Paolo here.
Back in 2009 I stumbled into what looked like Bullock's CAA page, and seeing a certain factoid, I posted this question on my Facebook. "What do Stanley Kubrick and Sandra Bullock have in common?" "Well neither of them have an Oscar," a friend of mine said. He spoke too soon. [Correction: Kubrick has an Oscar but not for directing. Shake fist]
Then it was time to watch the live feed of the Oscars on campus. The fedora-wearing cinema studies students were passing around this hipster German beer and I took a sip and put it down. I swore that if Bullock won the Oscar, I'd throw my beer at the screen - I didn't, no one should. The sound of angry young men and some women collectively screaming against her victory is one of the ten greatest experiences I've ever had in a movie theatre. How the powers that be hustled such a seemingly mediocre film into a Best Picture nod and a Best Actress win was like watching steel beams bend by themselves.
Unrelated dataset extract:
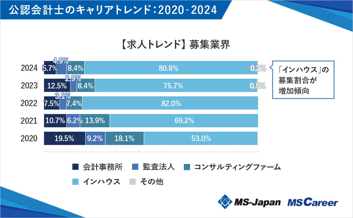 公認会計士の募集業界については、「インハウス求人」が過去5年で30ポイント近く増加し、2024年はインハウス求人が8割を占めていることが明らかになりました。
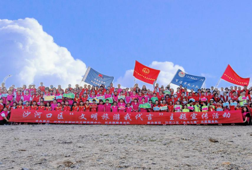 大连市沙河口区新时代文明实践中心结合全市旅游旺季游客需求,在各大景区景点开展文明旅游主题志愿服务。(图片来源:大连市文明办)

Anyway, to commemorate Bullock's birthday, I watched neither the movies that I remember her being good at (A Time to Kill, Crash) nor the ones I saw in high school nor college that did not age well (28 Days) or even the fun ones (Practical Magic). Instead I saw John Lee Hancock's The Blind Side, the movie that won her the said Oscar and made her, on paper, better than Kubrick. To be honest, I had two tall glasses of beer, ruining some brain cells and I was afraid that this film would do more damage.
We can assign three intertwining 'themes' to this movie. The first is when Leigh Ann Tuohy (Bullock) and her family take Michael 'Big Mike' Oher (Quinton Aaron) in and the audience also gets introduced to the rich racists, the poor racists of both colours and the racism within the Tuohys. The film begins with Leigh talking about a left tackle's body parts and we can make comparisons there. And someone should tell the woman that it's Fay Wray, not Jessica Lange! The second is when Michael's teachers and his investigator tries to bring him down and he says something unconvincing but does the trick anyway. If I was the lit prof reading his essay on "The Charge of the Light Brigade," I'd still give him a D. Lastly, there's both Leigh and Michael making mistakes and hurting each other but not so that it will ruin the chances of their eventual reconciliation.
I actually like the Tuohy family dynamic, even if her daughter Collins' (Lily Collins) role in the film is just to be pretty. Or how Leigh and Michael's worst fight happens ten or fifteen minutes before the end so that both don't spend time mooning in front of the camera while some hackneyed score tries to convince us how much they regret the event. In between moments of me yelling at my laptop while these characters speak without listening to themselves, it surprised me how competently paced this movie is.
And of course, there's both good and bad in Bullock's performance as Leigh, a rich woman with a cheap watch, wig and accent. Leigh spends most of the film assessing others and knowing how to properly deal with them. I do concede that I like her during her first conversation with Michael, looking at this intimidating figure square in the face. There we know that she'll be fine and that they'll get along famously. And of course, I can't hate on a 'walking to the car to cry by herself where everyone can still see her and she can get consoled' scene.
I guess I didn't care whether she won or not. A few actresses deserving the nominations didn't get them anyway.